By playing around with the service, it quickly becomes clear, that we can define different data chunks, which will be put together as soon as we affirm LSF.
Assembling them will create a new chunk and copy the previously defined chunks at the specified offsets into it.
The binary itself contained quite a lot of functions. Luckily enough, after getting a rough idea of how the chunks are allocated and filled, I took a break on reversing and started playing around with the heap instead. In the end, this worked out pretty well, since it was all about heap corruption.
Stripped pseudo-code:
So, when we specify a data chunk, the binary will create an input chunk and hex-encodes our input into it (AAAABBBB becomes 0xaaaabbbb). Then it creates a copy of that chunk (data chunk) and a pdu chunk, which contains the meta-information for this part of the sequence (offset, pointer to data, …). After creating the pdu chunk, the initial input chunk gets freed.

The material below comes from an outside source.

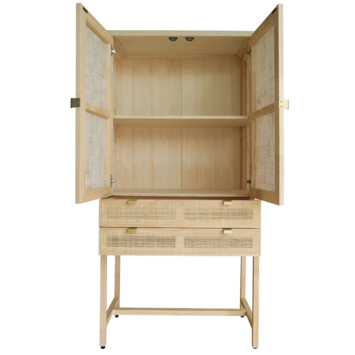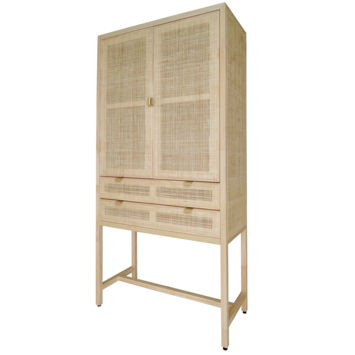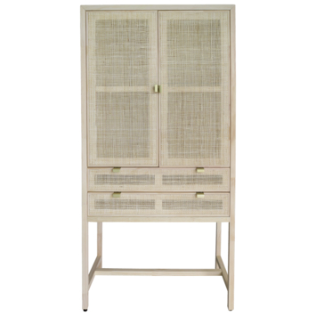 Deze Nero webbing kast is een prachtig exemplaar met 2 deuren, 2 lades. Achter de deuren is een plank opgenomen om nog meer spulletjes in op te bergen. Kleur is natural, ook verkrijgbaar in zwart. Webbing is weer helemaal trendy dit jaar. Terug van weggeweest, klaar om te blijven. Webbing is een soort gevlochten riet, wat het een zeer duurzaam, stijlvol en universeel materiaal maakt.

If we specified LSF with “Yes”, it will create a final chunk and copy the previously entered data into this at the corresponding offsets. Yet it misses to check, if the specified offset is inside the boundaries of this chunk.
This gives us the possibility to overwrite arbitrary values behind the chunk on the heap!
Let’s verify this:
For a quick poc, we’ll just overwrite 0x61a090, which is at offset 96 relative to our input chunk (which will serve as final chunk on assembly, since it gets freed before the final chunk is allocated and both have the same size)

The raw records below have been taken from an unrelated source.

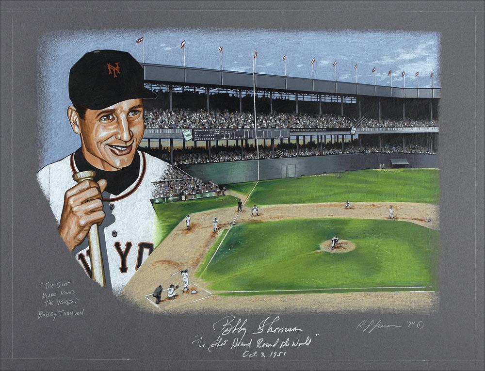 Original composite pastel artwork by R. L. Larson of Thomson and his historic home run, 25.5 x 19.5, signed at the bottom in silver ink, “Bobby Thomson, ‘The Shot Heard Round The World’ Oct. 3, 1951.” Also signed in pencil by the artist. In very fine condition. Pre-certified Steve Grad/PSA/DNA and RRAuction COA.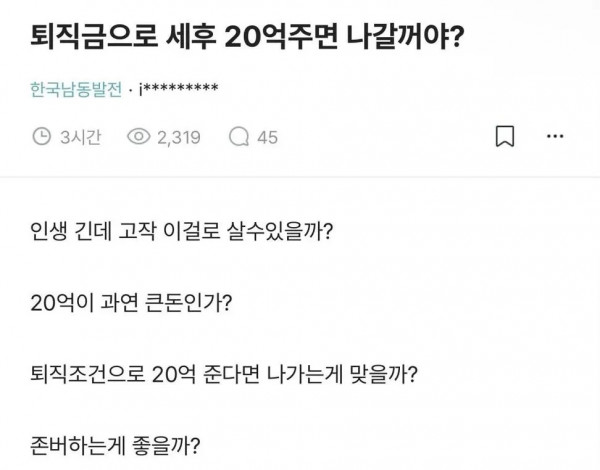 퇴직금으로 세후 20억 주면 나갈 거야? 페이지 정보 작성자 pkg 댓글 0건 조회 161회 작성일 26-04-28 06:45 목록 답변 글쓰기 본문 이전글트위터에 예쁜 찻잔 사진을 자랑하던 사람의 최후 26.04.28 다음글학교에 민원 넣으면 그 후에 일어나는 일 26.04.28 댓글 0 댓글목록 등록된 댓글이 없습니다.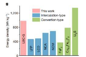 圖|電池的正極材料(LBC-G)能量密度達(dá)到了970Wh/kg(來(lái)源:該研究論文)

So, we have an (almost) arbitrary write on the heap. Since badint allocates and frees a lot of fastbins, fastbin corruption shouldn’t be hard to achieve.
Leaking libc
The behaviour for the chunk assembly also introduces an use-after-free vulnerability. The final chunk won’t be zeroed out on creation. Thus, we can define mutliple data chunks at one offset (increasing the size of the final chunk), while letting others uninitialized (thanks to ebeip90 and nilch for pointing that out).
We can use that to obtain a libc address. Just need to create a data chunk, whose size is larger than fastbin size. When the input chunk gets freed, its FD/BK will get populated with pointers to main_arena. Again, since the input chunk gets freed before the final chunk gets allocated, the final chunk will occupy the same memory area.

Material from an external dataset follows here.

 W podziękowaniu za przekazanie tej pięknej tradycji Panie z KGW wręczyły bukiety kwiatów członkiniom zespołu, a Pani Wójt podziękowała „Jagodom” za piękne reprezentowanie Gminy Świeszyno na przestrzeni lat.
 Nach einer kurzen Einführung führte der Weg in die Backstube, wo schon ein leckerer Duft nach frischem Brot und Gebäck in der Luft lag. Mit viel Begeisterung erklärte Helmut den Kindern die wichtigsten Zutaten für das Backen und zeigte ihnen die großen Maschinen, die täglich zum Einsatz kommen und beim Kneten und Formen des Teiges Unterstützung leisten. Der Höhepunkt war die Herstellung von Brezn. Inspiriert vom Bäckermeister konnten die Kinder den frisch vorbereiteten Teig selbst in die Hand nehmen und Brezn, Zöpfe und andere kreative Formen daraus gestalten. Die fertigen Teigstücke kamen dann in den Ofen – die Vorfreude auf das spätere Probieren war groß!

With an appropriate offset, we’ll be able to leak the FD pointer.
Might be too verbose, but watching the heap should make it easier to understand, what’s happening, while the chunks get assembled.
At first, the input chunk will be created, and our input gets stored there:
After this, it will create the PDU chunk on the heap, and copy the input chunk into a new data chunk:
It will then free the input chunk and since it’s not a fastbin, it will be put into unsorted bin list and FD/BK will be populated with pointers to main_arena:
Since we chose to assemble the sequence immediately, it will now allocate the final chunk. Malloc will serve us the previous input chunk for that. The assembly function then copies our input from the data pointer to offset 8 in the final chunk, letting FD untouched.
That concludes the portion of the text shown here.